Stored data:
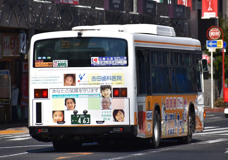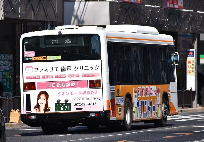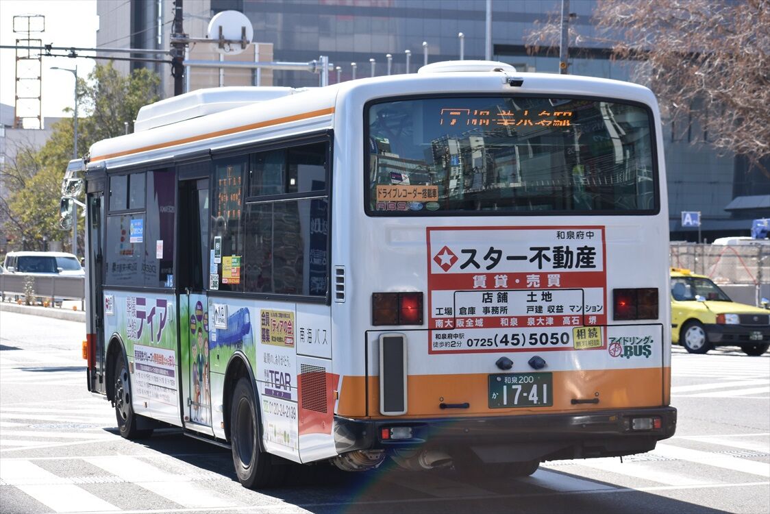南海バスでは、グループの葬儀会社「ティア」の広告バスが多数走っていますが、このデザインは初めて見ました
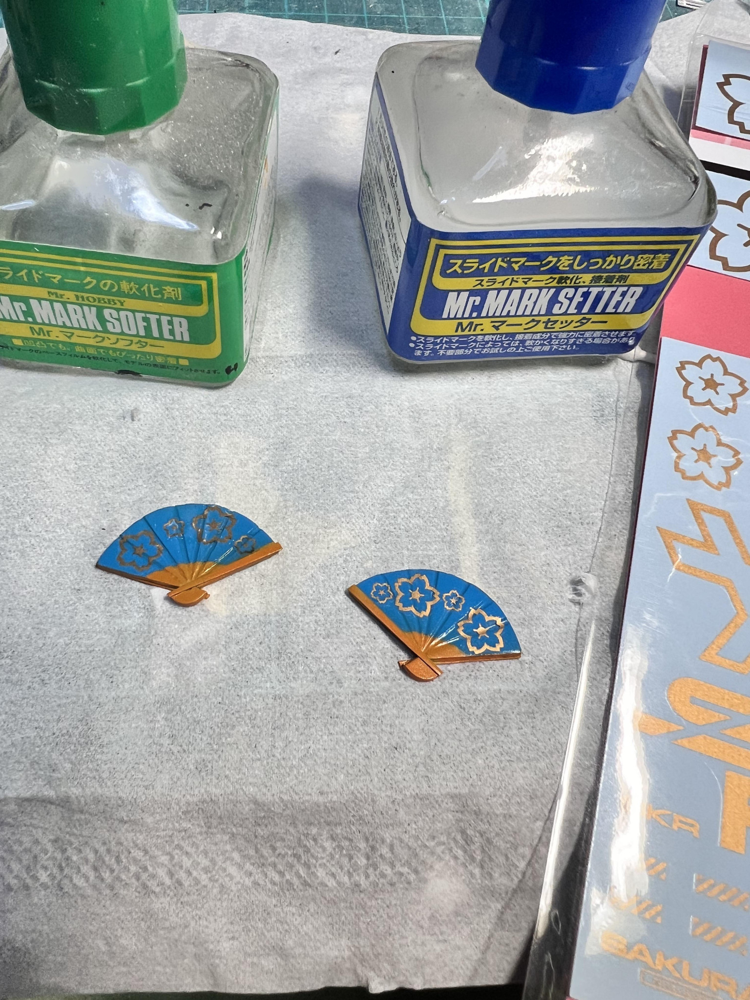 プラ板を切り出してから溝を掘り、それっぽく仕上げました。センスがないので苦戦しました(扇子だけに(gundam-kao5))。
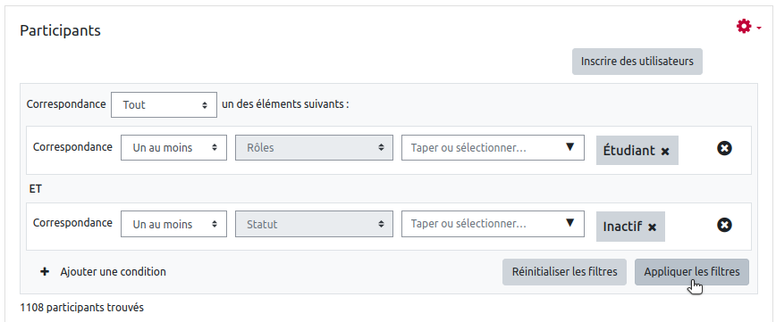 - filtrer les usagers à partir par exemple des critères Rôle = “Étudiant” et Statut = “Inactif” puis cliquer sur le bouton
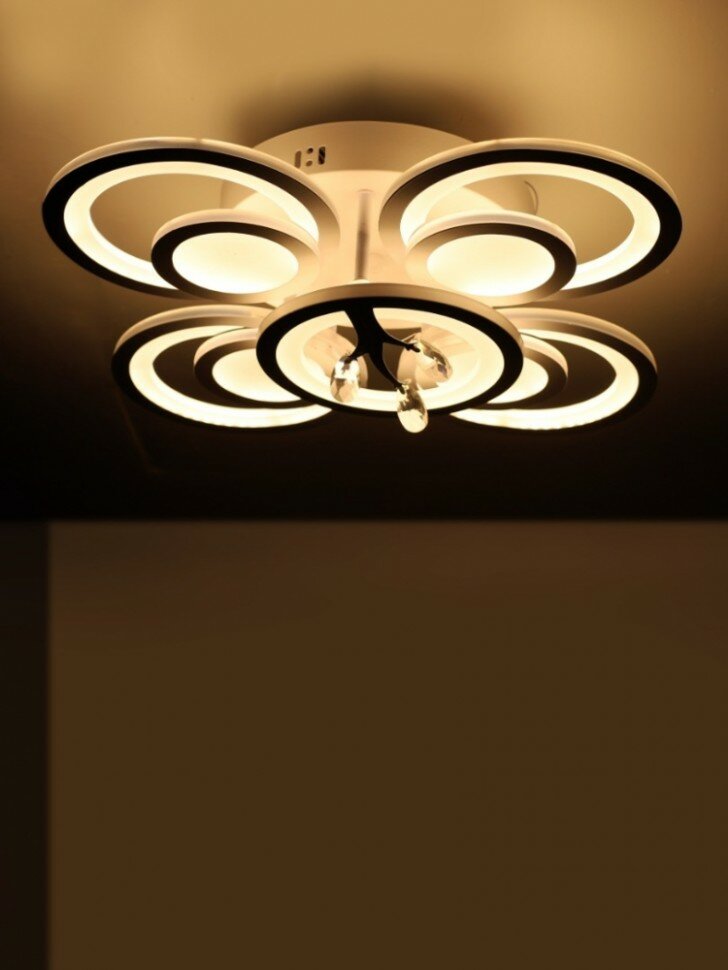 Люстра с пультом светодиодная потолочная 176W, 8 ламп, цветок, большая, белая, LEDCITY
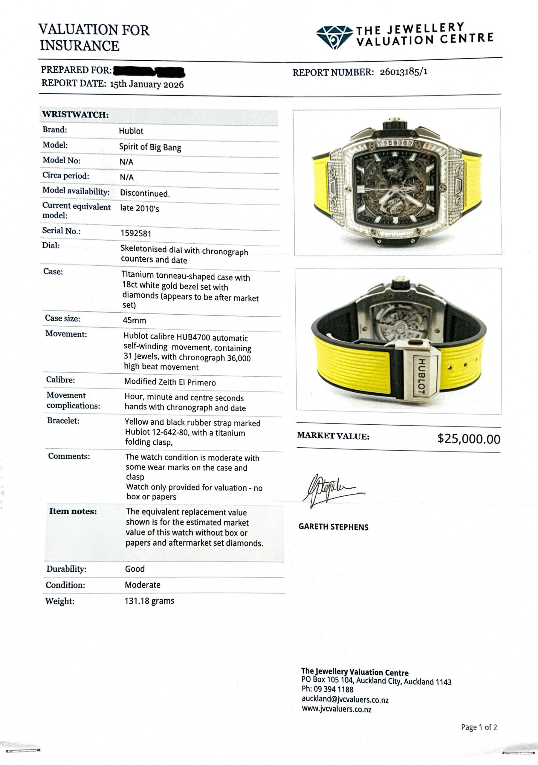 HUBLOT WATCH 131.1GMS SPIRIT OF BIG BANG S/N:1592581 + VAL

Work item: Starting with the first line of the records above and stopping after the line containing "Люстра с пультом", repeat every line exactly and leave out the pictures.

Written response:
南海バスでは、グループの葬儀会社「ティア」の広告バスが多数走っていますが、このデザインは初めて見ました
 プラ板を切り出してから溝を掘り、それっぽく仕上げました。センスがないので苦戦しました(扇子だけに(gundam-kao5))。
 - filtrer les usagers à partir par exemple des critères Rôle = “Étudiant” et Statut = “Inactif” puis cliquer sur le bouton
 Люстра с пультом светодиодная потолочная 176W, 8 ламп, цветок, большая, белая, LEDCITY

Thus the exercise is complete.